* _Work to be completed_: Find the lines in the records below that contain "with", and report each of them.

Collection entries:
= Beginning of Section =

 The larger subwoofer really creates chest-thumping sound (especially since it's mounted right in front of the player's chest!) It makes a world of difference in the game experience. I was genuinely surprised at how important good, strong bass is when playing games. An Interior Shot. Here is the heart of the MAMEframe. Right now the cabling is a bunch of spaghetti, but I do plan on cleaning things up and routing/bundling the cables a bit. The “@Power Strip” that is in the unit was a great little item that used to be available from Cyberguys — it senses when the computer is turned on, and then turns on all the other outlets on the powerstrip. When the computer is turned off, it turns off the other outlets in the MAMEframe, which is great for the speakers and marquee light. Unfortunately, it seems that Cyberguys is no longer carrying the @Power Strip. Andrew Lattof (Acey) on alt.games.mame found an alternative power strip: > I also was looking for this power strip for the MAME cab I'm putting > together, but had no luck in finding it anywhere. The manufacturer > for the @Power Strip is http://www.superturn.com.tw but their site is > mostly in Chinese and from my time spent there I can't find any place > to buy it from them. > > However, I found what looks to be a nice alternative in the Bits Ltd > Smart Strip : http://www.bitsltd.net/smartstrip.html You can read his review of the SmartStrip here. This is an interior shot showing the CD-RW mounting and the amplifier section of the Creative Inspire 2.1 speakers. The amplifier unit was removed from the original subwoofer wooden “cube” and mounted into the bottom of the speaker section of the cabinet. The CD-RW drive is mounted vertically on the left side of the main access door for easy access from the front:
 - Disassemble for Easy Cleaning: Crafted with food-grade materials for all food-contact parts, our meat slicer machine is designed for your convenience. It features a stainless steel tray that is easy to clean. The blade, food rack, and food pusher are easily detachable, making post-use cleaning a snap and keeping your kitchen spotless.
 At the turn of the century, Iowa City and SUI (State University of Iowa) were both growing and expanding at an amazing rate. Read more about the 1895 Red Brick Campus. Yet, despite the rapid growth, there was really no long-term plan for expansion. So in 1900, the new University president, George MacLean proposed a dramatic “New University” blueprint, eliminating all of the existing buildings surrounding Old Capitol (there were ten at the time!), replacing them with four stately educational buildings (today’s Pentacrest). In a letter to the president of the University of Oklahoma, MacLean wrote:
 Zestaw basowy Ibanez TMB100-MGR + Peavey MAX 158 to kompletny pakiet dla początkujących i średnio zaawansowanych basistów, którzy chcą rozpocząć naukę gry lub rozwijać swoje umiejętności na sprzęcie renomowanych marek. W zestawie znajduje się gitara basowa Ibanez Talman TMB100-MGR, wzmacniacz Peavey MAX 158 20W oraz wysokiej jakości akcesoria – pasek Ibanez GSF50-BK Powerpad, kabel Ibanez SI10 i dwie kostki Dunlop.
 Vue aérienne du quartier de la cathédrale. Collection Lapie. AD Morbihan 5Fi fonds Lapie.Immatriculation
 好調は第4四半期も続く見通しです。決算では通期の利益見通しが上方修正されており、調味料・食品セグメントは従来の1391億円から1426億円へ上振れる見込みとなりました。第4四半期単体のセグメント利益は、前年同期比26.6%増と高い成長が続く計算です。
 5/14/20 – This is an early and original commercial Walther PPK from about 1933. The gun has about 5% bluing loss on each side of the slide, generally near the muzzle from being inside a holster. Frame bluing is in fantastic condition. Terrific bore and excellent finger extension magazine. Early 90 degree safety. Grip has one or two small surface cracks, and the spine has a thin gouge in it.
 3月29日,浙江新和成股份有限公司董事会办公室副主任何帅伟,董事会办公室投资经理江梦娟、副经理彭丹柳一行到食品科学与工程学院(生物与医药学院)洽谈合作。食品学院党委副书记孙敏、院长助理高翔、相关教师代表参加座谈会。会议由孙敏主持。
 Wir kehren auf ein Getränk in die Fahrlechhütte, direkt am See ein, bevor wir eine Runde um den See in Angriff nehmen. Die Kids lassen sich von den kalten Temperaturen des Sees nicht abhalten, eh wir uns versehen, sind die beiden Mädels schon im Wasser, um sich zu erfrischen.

= End of Section =

* _Written answer_:
 - Disassemble for Easy Cleaning: Crafted with food-grade materials for all food-contact parts, our meat slicer machine is designed for your convenience. It features a stainless steel tray that is easy to clean. The blade, food rack, and food pusher are easily detachable, making post-use cleaning a snap and keeping your kitchen spotless.
 At the turn of the century, Iowa City and SUI (State University of Iowa) were both growing and expanding at an amazing rate. Read more about the 1895 Red Brick Campus. Yet, despite the rapid growth, there was really no long-term plan for expansion. So in 1900, the new University president, George MacLean proposed a dramatic “New University” blueprint, eliminating all of the existing buildings surrounding Old Capitol (there were ten at the time!), replacing them with four stately educational buildings (today’s Pentacrest). In a letter to the president of the University of Oklahoma, MacLean wrote:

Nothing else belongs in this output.